From the first line to the last, please reproduce the material exactly, skipping the pictures.
--- Source data ---
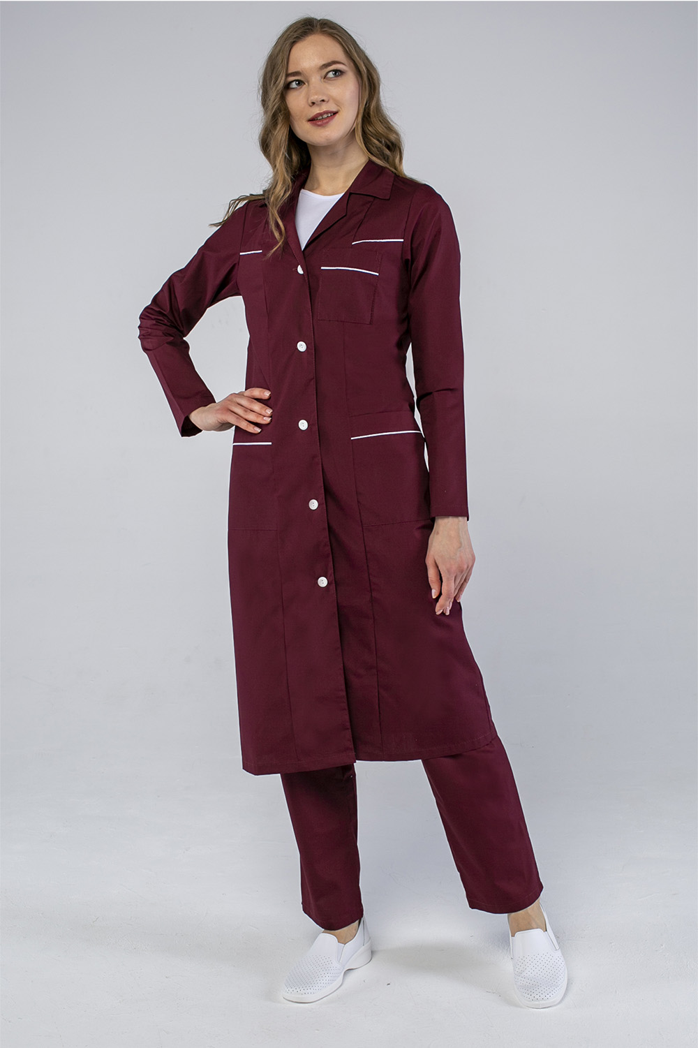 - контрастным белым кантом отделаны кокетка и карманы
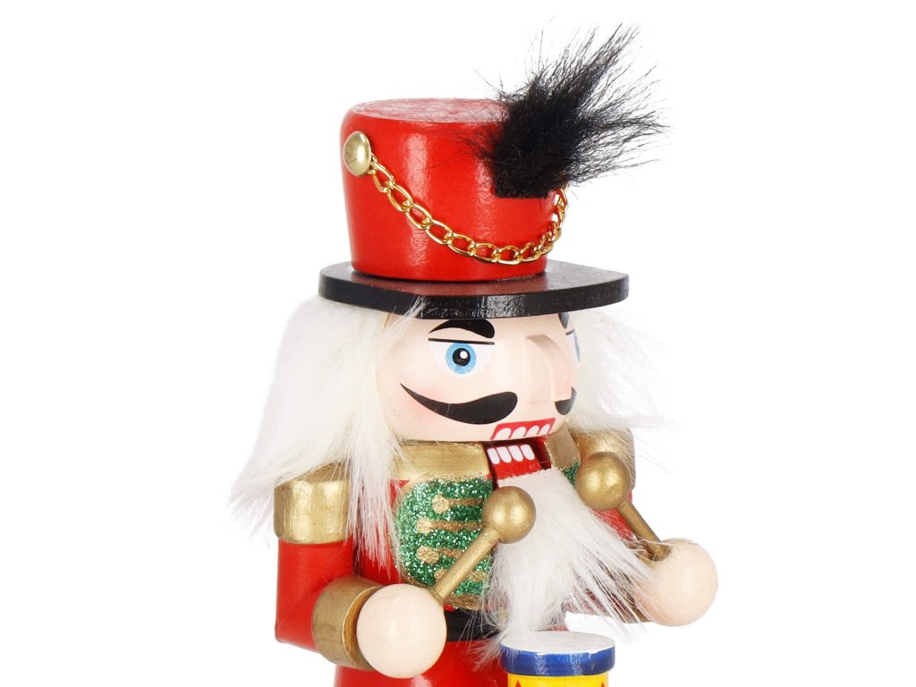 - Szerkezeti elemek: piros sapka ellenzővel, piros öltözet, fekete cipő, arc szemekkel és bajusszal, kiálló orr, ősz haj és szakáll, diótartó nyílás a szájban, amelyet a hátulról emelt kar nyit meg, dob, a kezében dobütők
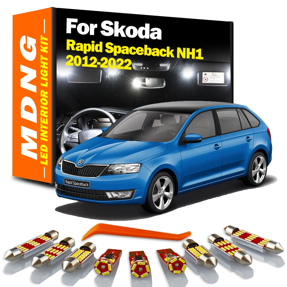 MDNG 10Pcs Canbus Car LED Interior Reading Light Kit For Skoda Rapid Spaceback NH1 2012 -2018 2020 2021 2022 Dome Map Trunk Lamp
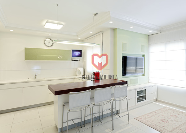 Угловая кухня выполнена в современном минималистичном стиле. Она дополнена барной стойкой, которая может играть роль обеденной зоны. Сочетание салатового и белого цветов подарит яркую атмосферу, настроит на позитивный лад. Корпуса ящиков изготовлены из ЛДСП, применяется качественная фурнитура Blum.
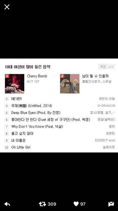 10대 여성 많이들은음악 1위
---
Written response:
 - контрастным белым кантом отделаны кокетка и карманы
 - Szerkezeti elemek: piros sapka ellenzővel, piros öltözet, fekete cipő, arc szemekkel és bajusszal, kiálló orr, ősz haj és szakáll, diótartó nyílás a szájban, amelyet a hátulról emelt kar nyit meg, dob, a kezében dobütők
 MDNG 10Pcs Canbus Car LED Interior Reading Light Kit For Skoda Rapid Spaceback NH1 2012 -2018 2020 2021 2022 Dome Map Trunk Lamp
 Угловая кухня выполнена в современном минималистичном стиле. Она дополнена барной стойкой, которая может играть роль обеденной зоны. Сочетание салатового и белого цветов подарит яркую атмосферу, настроит на позитивный лад. Корпуса ящиков изготовлены из ЛДСП, применяется качественная фурнитура Blum.
 10대 여성 많이들은음악 1위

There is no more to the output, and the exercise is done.